Heritage, Culture & Arts

Marlborough’s rich history runs wide and deep, from the earliest Polynesian settlers on Te Pokohiwi-o-Kupe/Wairau, Bar to the European pioneers who built towns and planted our first grapevines.

These people, the way they lived, and how they dealt with history’s major events has shaped Marlborough into what it is today.

Those stories are all here, waiting to be discovered all over again in the places where they happened or in our galleries, museums, art and theatre productions.

Captain Cook

English explorer Captain James Cook was the first European to make contact with Aotearoa/New Zealand since the ill-fated visit by Dutchman Abel Tasman in 1642.
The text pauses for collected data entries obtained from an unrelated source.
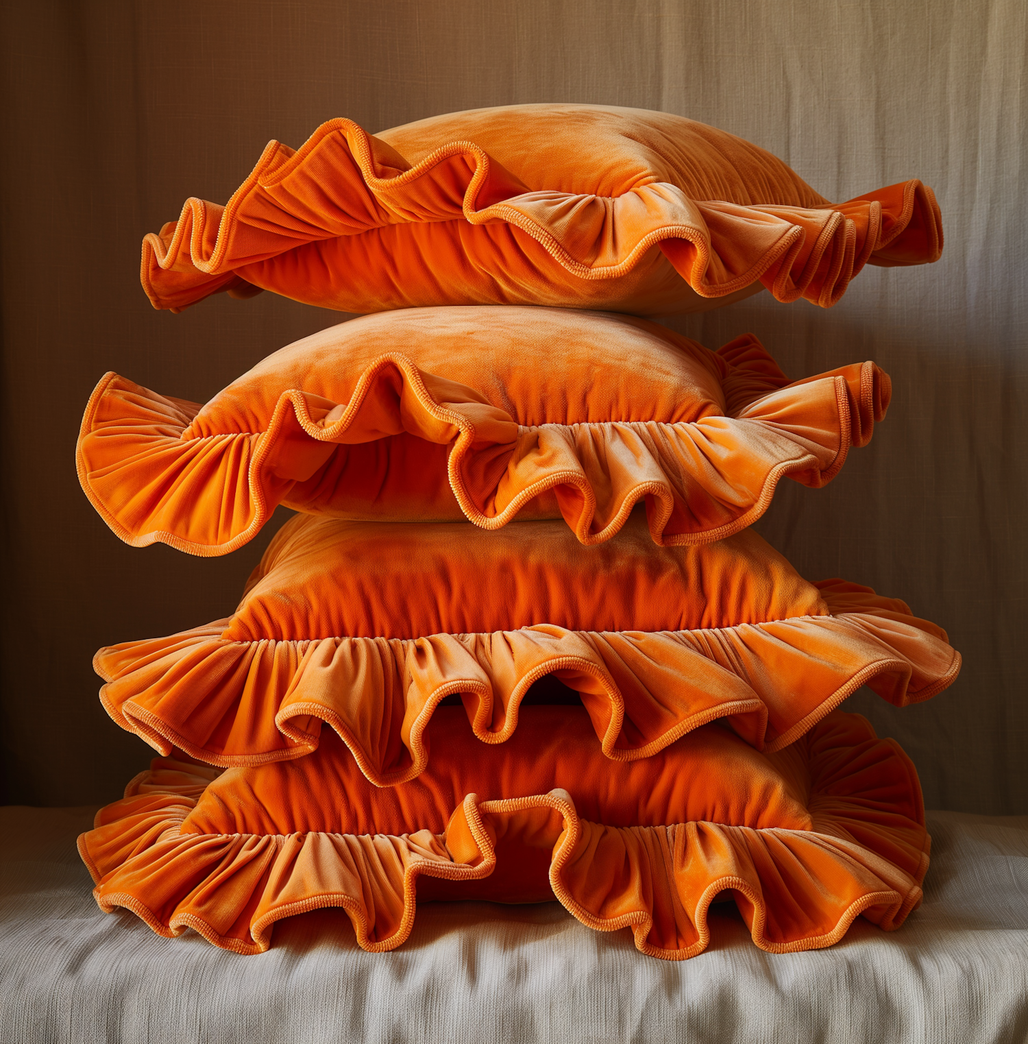 Stack of four vibrant orange pillows with ruffled edges on a neutral background, showcasing elegant design and rich texture.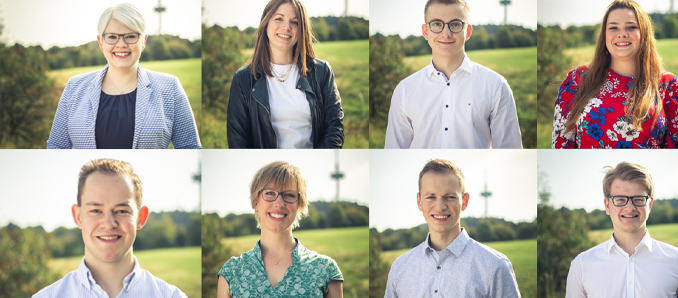 Jennifer Gießler, Laura Refflinghaus, Niklas Lingner, Stefanie Spielberger, Lukas Kaufmann, Sonja Müller, Jan-Hendrik Dörr und Luca Marcel Korell. (v.l.o.)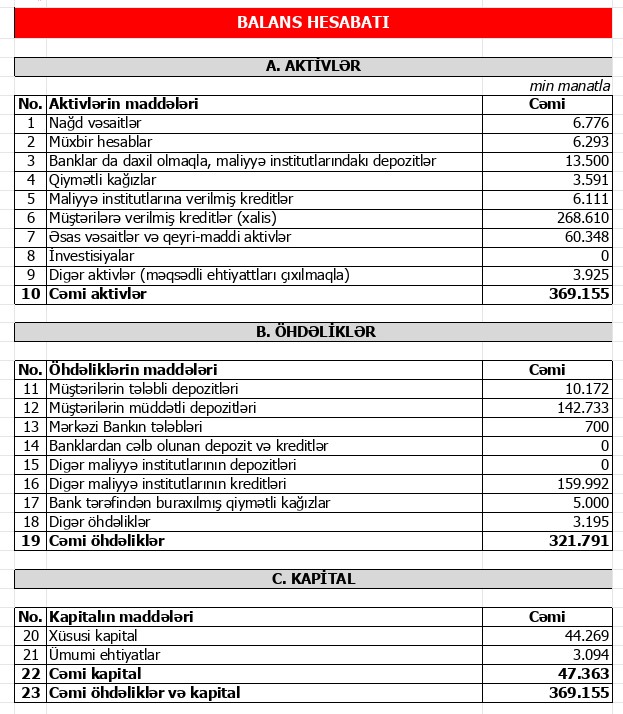 Bankın ani likvidlik əmsalı isə 89% təşkil edir (Mərkəzi Bankın minimum tələbi - 30%).
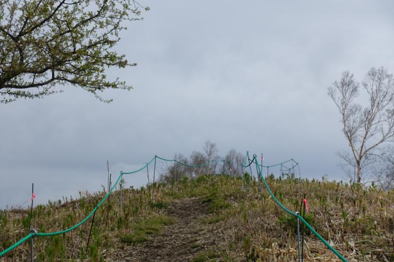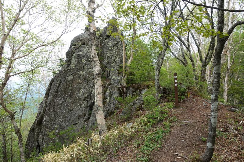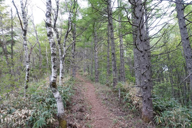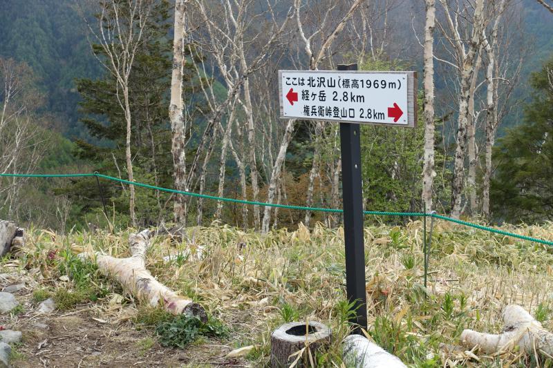 すごく整備されていて気持ちいい道です。快適な道を歩いていくと北沢山に到着ここでようやく半分くらい。目指す経ヶ岳が見えますが、意外に遠く感じます。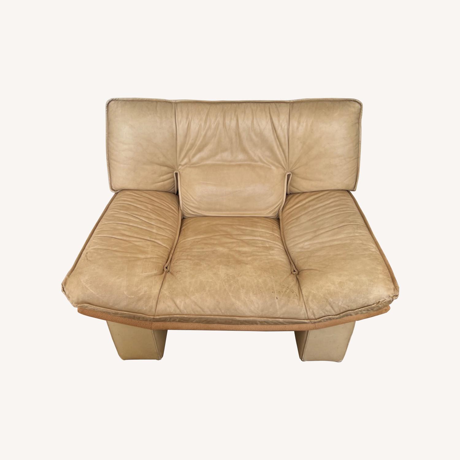 Seller's Notes:These 2 chairs are sold as a set and are cherished by everyone who sits on them. Can easily fit 2 people snugly. My friends are sad I'm selling them but time to make more Space for new furniture. There are custom cream leather. There is pebble leather detail in almond color at the back. VERY COOL LOOKING!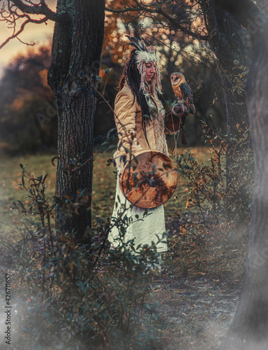 beautiful shamanic girl playing on shaman frame drum in the nature.
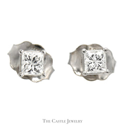 1/2cttw Princess Cut Diamond Stud Earrings in 18k White Gold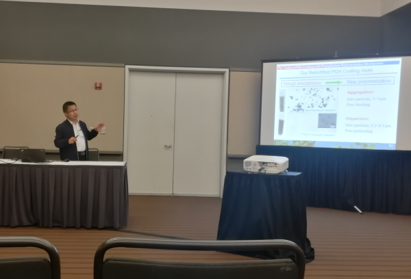 阮雪华副教授做了题为Fe(III)- Induced Polydopamine Coating with “Deposition-Polymerization”Mechanism for Microfiltration Membrane Hydrophilization的口头汇报。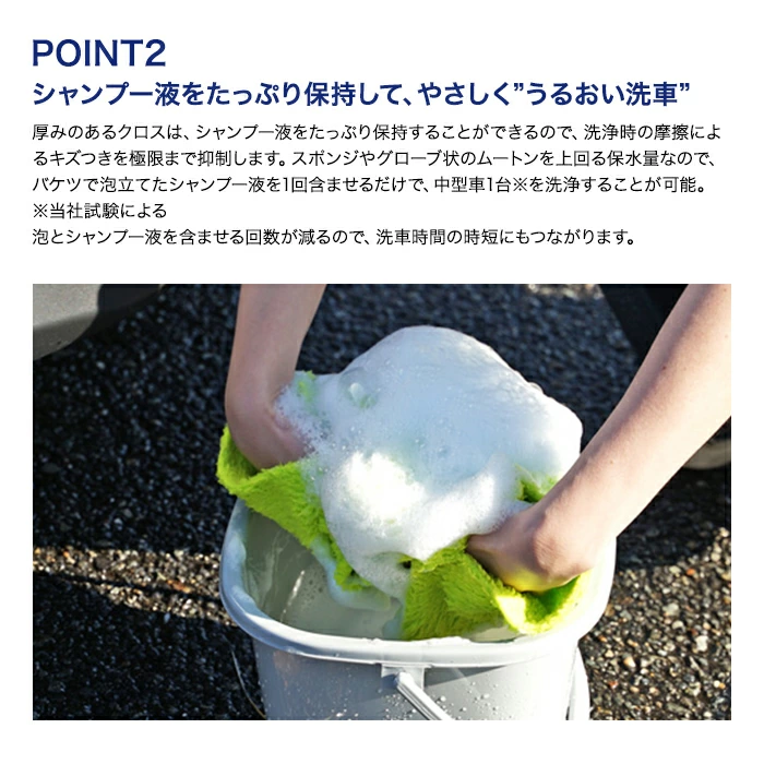 厚みのあるクロスは、シャンプー液をたっぷり保持することができるので、洗浄時の摩擦によるキズつきを極限まで抑制します。スポンジやグローブ状のムートンを上回る保水量なので、バケツで泡立てたシャンプー液を1回含ませるだけで、中型車1台※を洗浄することが可能。※当社試験による 泡とシャンプー液を含ませる回数が減るので、洗車時間の時短にもつながります。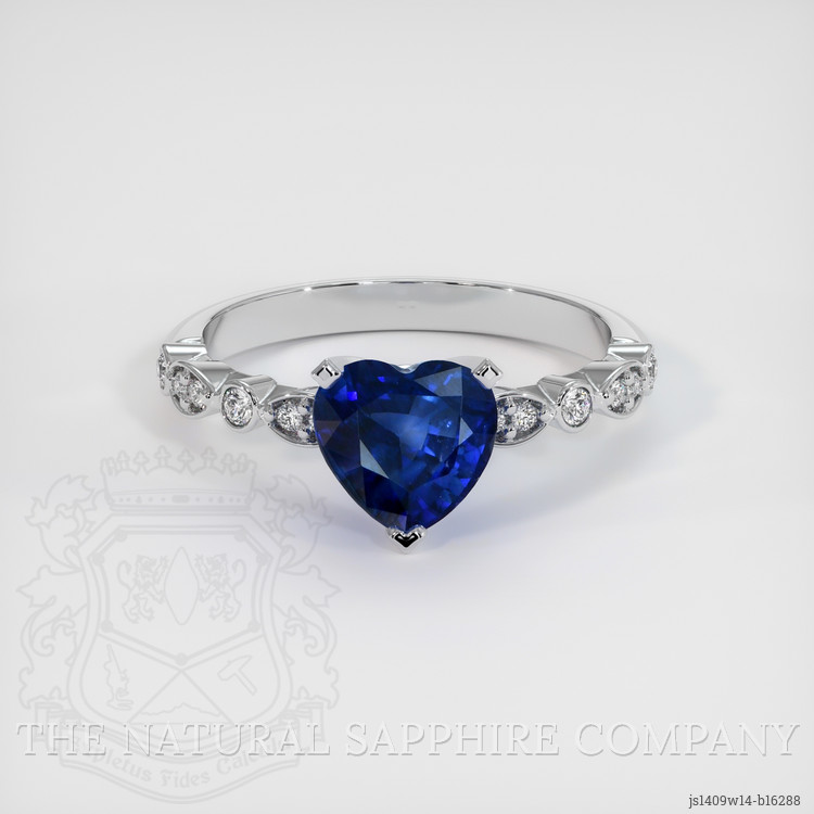 The ring features a beautiful, transparent 1.44 carat heart shape blue sapphire with the dimensions of 6.72 x 6.98 x 3.95 mm and a mixed brilliant cut. It has a clarity grade of very slightly included (evaluated at eye level), vivid color saturation, and an excellent polish. The origin of this sapphire is Ceylon (Sri Lanka).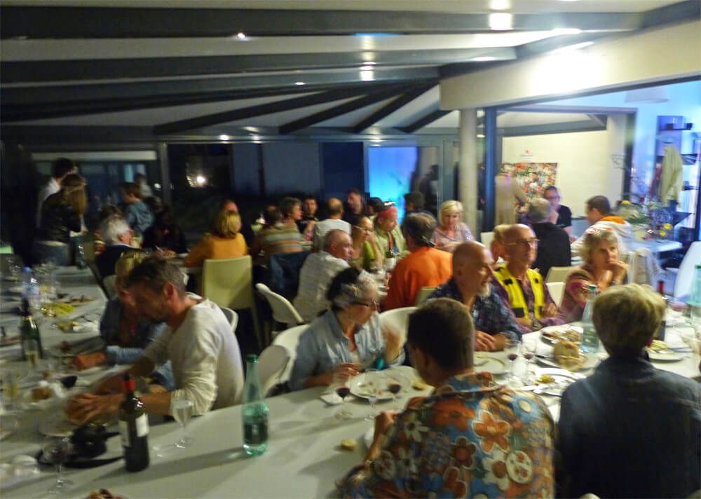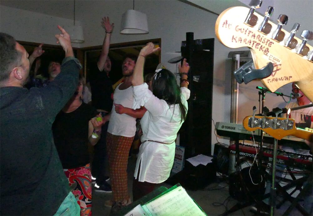 La salle de réception à Baden accueille avec bonheur tous ces « hippies » : un coin repas et un coin dédié à la musique et danse.. L’ambiance est survoltée jusqu’à une heure très avancée!

Born in 1728, Cook was a captain in the Royal Navy, a navigator and a cartographer who mapped Newfoundland before heading south into uncharted Pacific waters. The Endeavour, carrying 94 men, landed at Tūranganui-a-Kiwa/Poverty Bay in the North Island in October 1769, but clashed with Māori. Cook sailed around the top of the North Island before heading south and entering Meretoto/Ship Cove, in the northern Tōtaranui/Queen Charlotte Sound, on January 15, 1770. Several days later he raised the Union Jack flag on nearby Motuara Island and proclaimed British sovereignty over the South Island.

Over the next seven years, and in three voyages, Cook spent 328 days exploring New Zealand’s coastline, and that of many other countries, mapping them with accuracy and detail nobody had previously achieved.

Cook made five visits to Meretoto/Ship Cove during his explorations of New Zealand, and spent 105 days in the cove repairing his ships and resting his crew. During these visits some of the earliest sustained contact between Māori and Europeans took place.

Captain Cook was killed in a fight in Hawaii during his third Pacific voyage, in 1779.